- Born: 1949 (age 76–77) Dhanbad, India
- Education: Wharton School (MBA)
- Title: Founder of Ujjivan Small Finance Bank;

= Samit Ghosh =

Founder of Ujjivan Financial Services Limited

Samit Ghosh is an Indian business executive, who founded Ujjivan Financial Services Limited, and was its managing director and chief executive officer until 31 January 2017, when he accepted an equivalent role with subsidiary Ujjivan Small Finance Bank. He was CEO of Ujjivan Financial Services until 2017, and now its non-executive chairman.

== Early life and education ==
Samit Ghosh was born in 1949 to Dr. Sailendra Kumar. Ghosh spent a large part of his early years in Dhanbad. His father was a doctor who served the Indian Army during World War II and set up a number of government hospitals in the poor coal mining areas near Dhanbad. He lost his father at age of 10. His mother was a professor in Sri Shikshyatan College. Ghosh completed his undergraduate in economics from St. Xavier's College in Kolkata and Master of Business Administration in finance from The Wharton School of Business at the University of Pennsylvania, United States.

== Career ==
Ghosh started his career with Citibank in 1975. From 1980 to 1985, he worked as the vice president for investment and corporate banking at Arab Bank in Bahrain. He returned to India in 1985 to rejoin Citibank and was part of the management team which launched retail banking in 1985. He was the vice-president of Citibank between 1975-1980 and again between 1985 and 1993. From 1993 to 1996, he was regional head of personal banking for South Asia and the Middle East at Standard Chartered Bank in Dubai. He later became the CEO of Bank Muscat.

In November 2005, he founded Ujjivan Financial Services in Bengaluru as a non-deposit taking, non-banking financial company (NBFC), primarily operating in the microfinance sector.
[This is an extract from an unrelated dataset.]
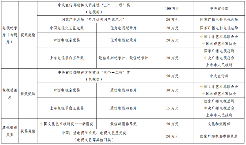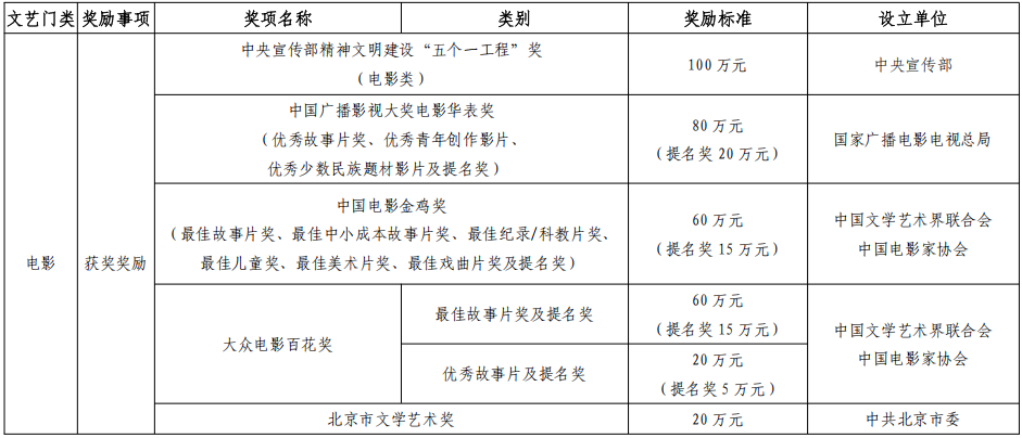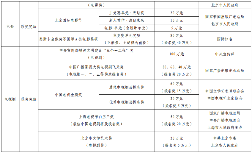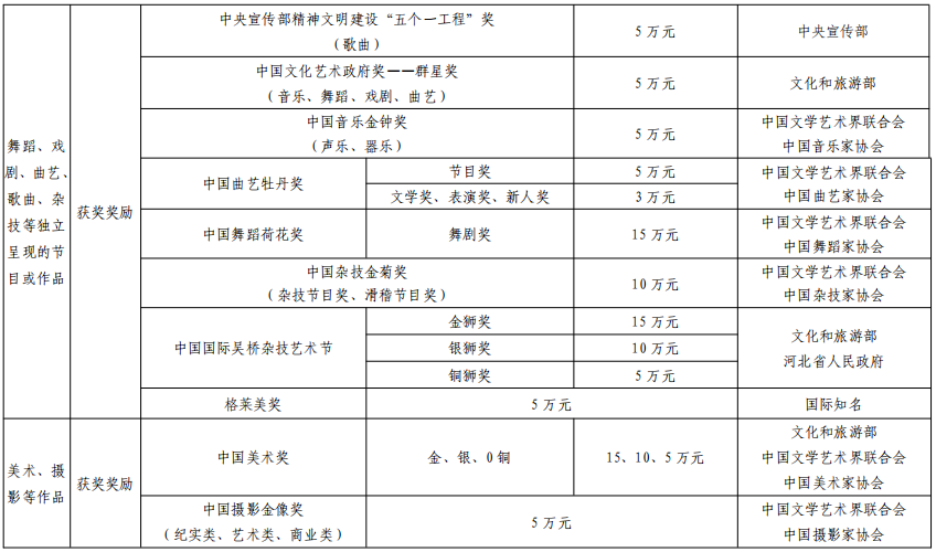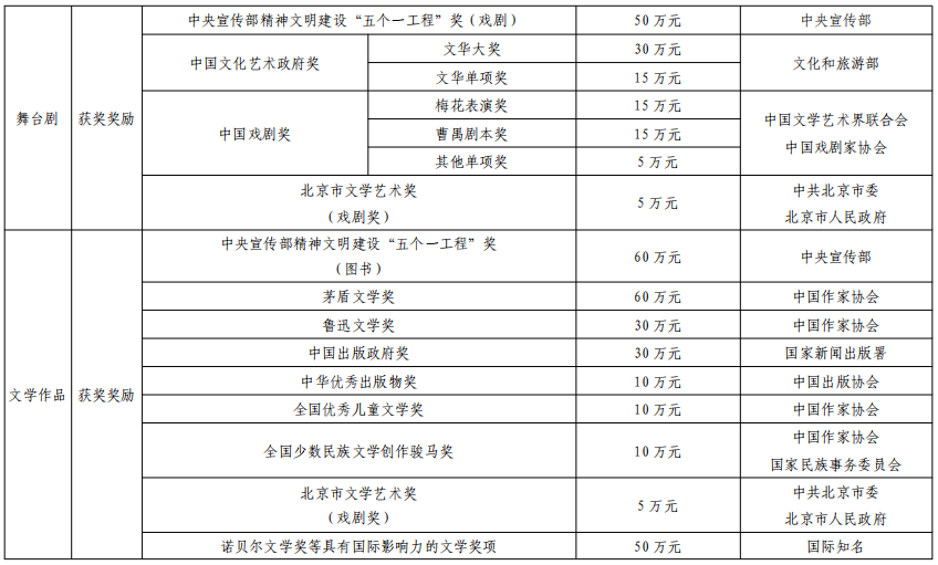 第十二条 文艺精品奖励的申报项目应为获得过中央宣传部等国家部委批准设立的常设全国性文艺奖项或在国内外产生重大影响力的优秀文艺作品,具体奖励标准如下: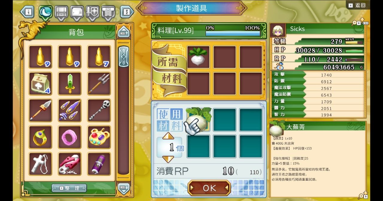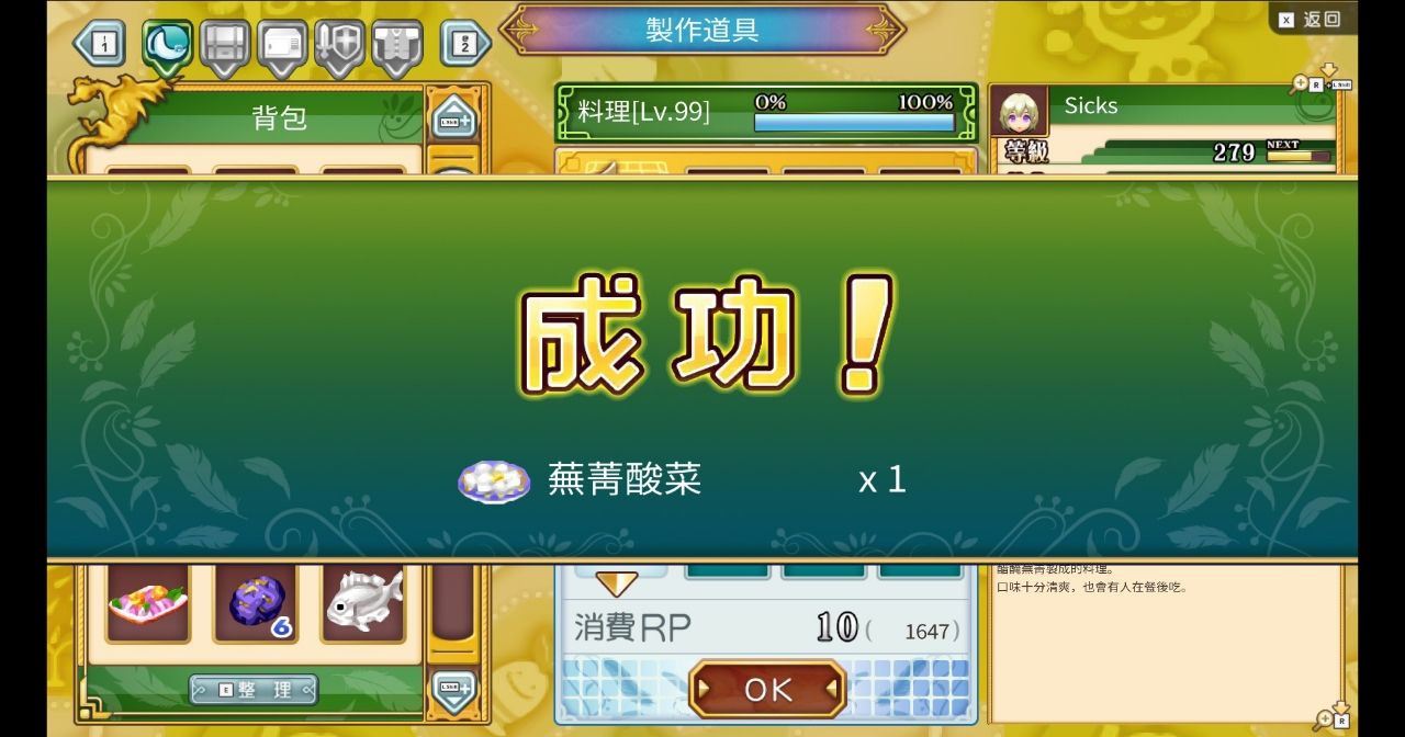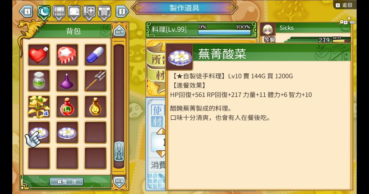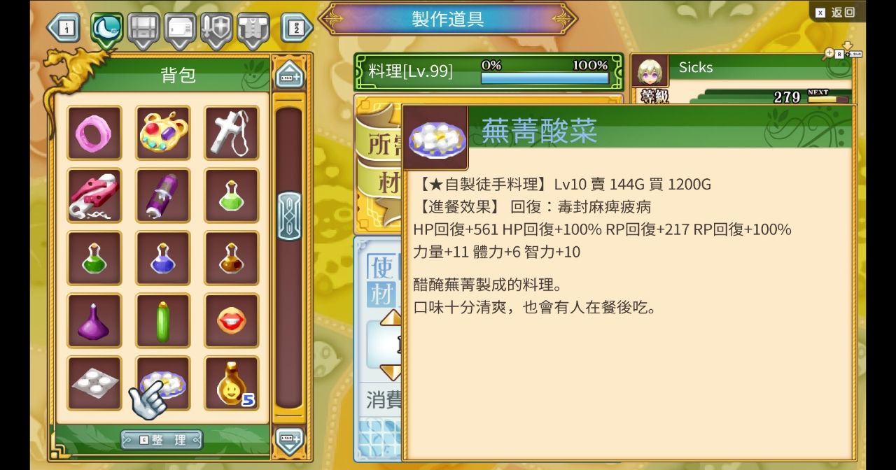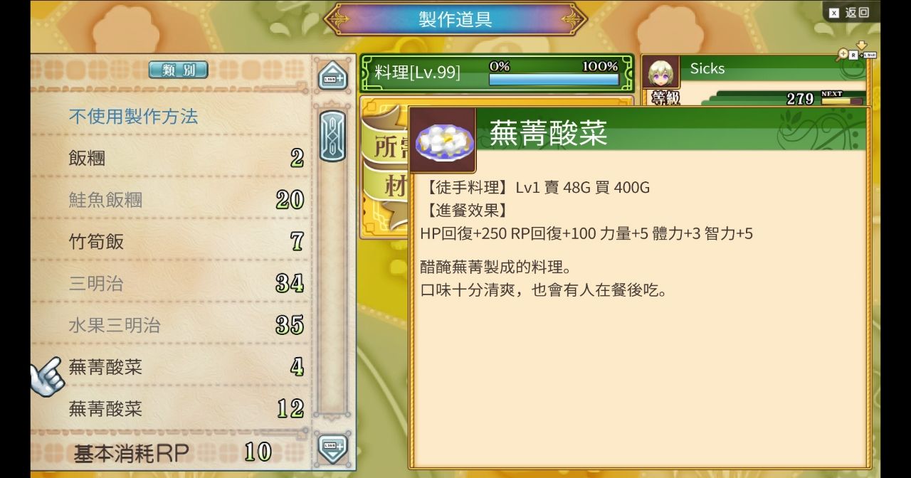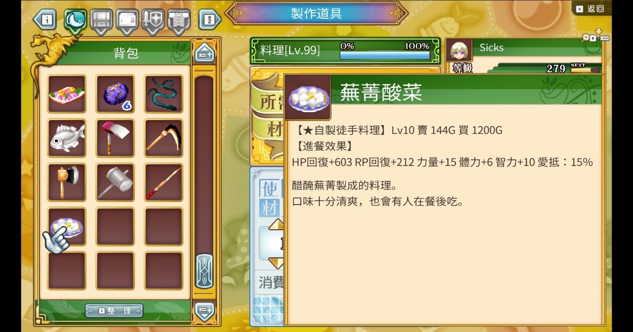 藥品等級偷到10等,能拉高料理等級

In 2013, Ujjivan obtained registration with the Reserve Bank of India (RBI) as a non-banking financial company - microfinance institution (NBFC-MFI). From February 1, 2017, he held the position of MD & CEO at Ujjivan Small Finance Bank until his retirement on November 30, 2019. Ghosh is a Non-Executive, Non-Independent Director at Ujjivan Small Finance Bank.

== Other roles ==
He has been the president of Microfinance Institutions Network (MFIN) and chairman of Association of Karnataka Microfinance Institutions (AKMI). Since April 2020, he has been a CSI Partner at the Nudge Centre for Social Innovation, and as a Non-Executive Director at Parinaam Foundation since September 2020.